The legal order of the market and the basis for the ’exchange’

Indice

At this point it is necessary to ask how one can place in the economic realm an exchange that exists only legally in the economic context, where, quite rightly, the question is how to control the manager[i] and not how to negotiate the purchase price of inputs with an independent supplier. Ultimately, it is the law that gives rise to an exchange relationship. The exchange exists – because it has value vis-à-vis third parties, such as workers – but as it is not carried out between opposing parties, the foundation of the traditional economic rationale no longer applies. It is a different exchange from the competitive one, and therefore requires that a new theoretical approach to be developed, which addresses a truly fundamental issue underlying the current transformation of international trade: namely, that of economics verses law.
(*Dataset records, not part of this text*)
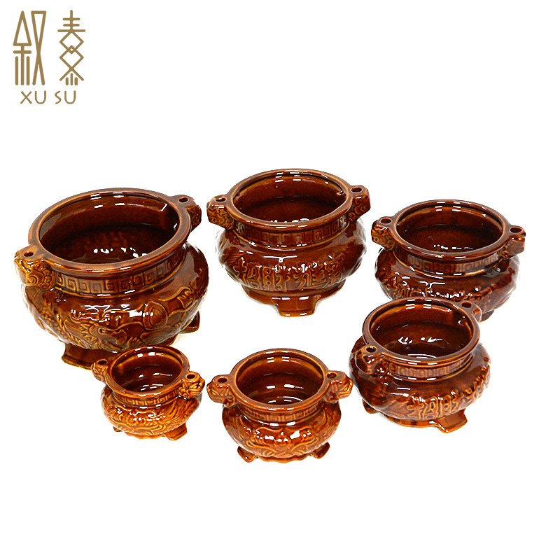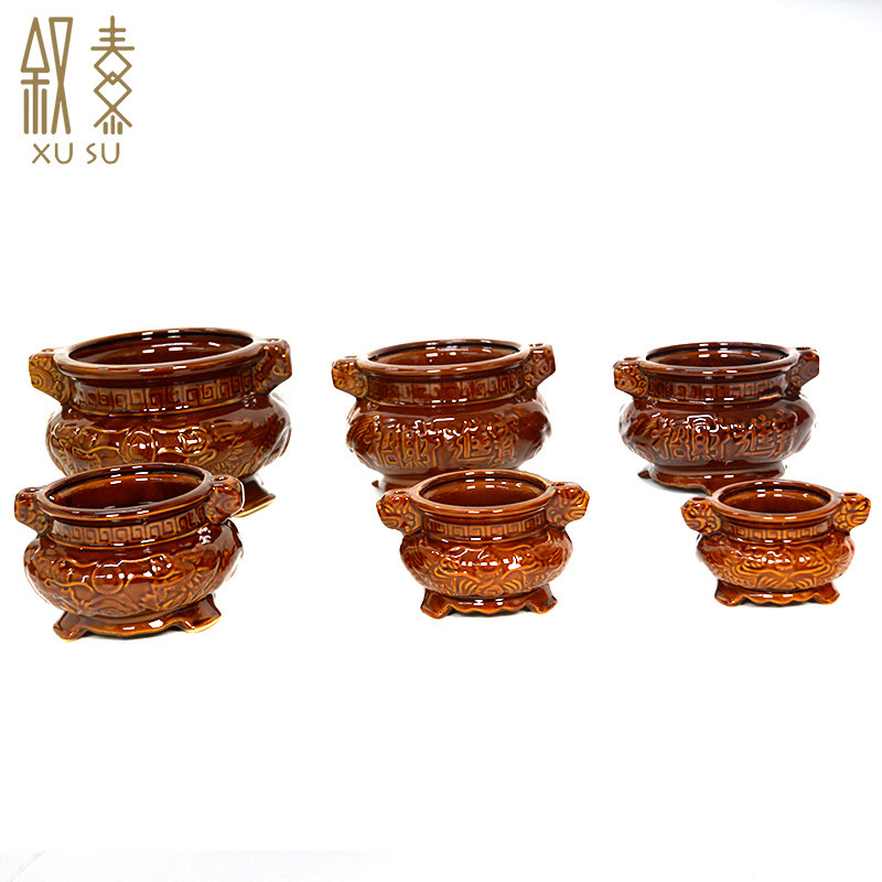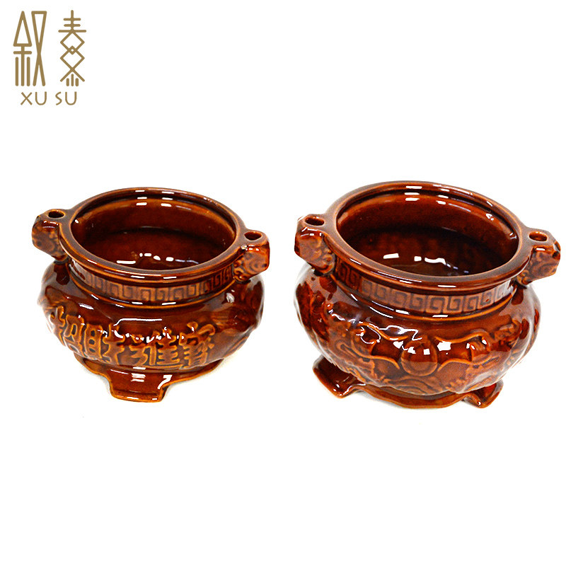 Ceramic incense burner dedicated to the landowner God of wealth ancestors lucky treasure Household worship God for Buddha three-legged stove inserted incense and candles supplies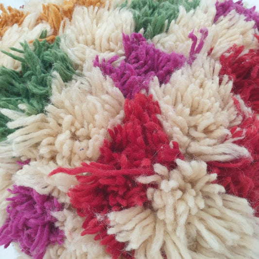 Vibrant Handwoven Beni Ourain Pouf – Colorful Patchwork Floor Cushion 24x24x8 inch | 60x60x20 cm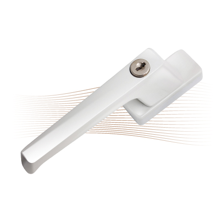 Robust, lockable window handle.Push cylinder, 2 keys.Keyed alike version.With fixing screws.Silver color.140 mm long x 42 mm high

A renowned Italian jurist, Natalino Irti, clearly and thoroughly expresses the artificiality of the market, i.e. its dependence on the legal order that shapes its practical actions. In this respect, the market cannot be considered as a natural place (locus naturalis) with laws that pre-exist and survive the man-made artificial laws.

Thus, the one-contracting party economy, by undermining the idea of exchange taken for granted by economic science – and even by the supporters of the legal order of the market, which pre-supposes the idea of mine and yours ‘from which every act of exchange proceeds’ –  , arguably represents today the utmost form of the disruptive power of law over the economy.

In the economic debate, the tendency is also to explain international trade through the study of contractual dynamics, which are expressed by shifting attention to the organisational structures of global firms. The distortions produced by intra-firm trade must in fact be resolved on the legal level. Without adequate legal reform, it is in the realm of legal disputes that the real exchange between the single enterprise and the various particular contracting parties, ranging from the state to the workers, takes place.

In such cases, the locus economicus is the courtroom, where the stakeholders of the subsidiaries attempt to enforce the responsibilities of the parent companies, i.e., the corporate group firm as a whole, in their capacity as actual counterparties.

[i] See Grossman and Helpman, Managerial Incentives and the International Organization of Production, cit.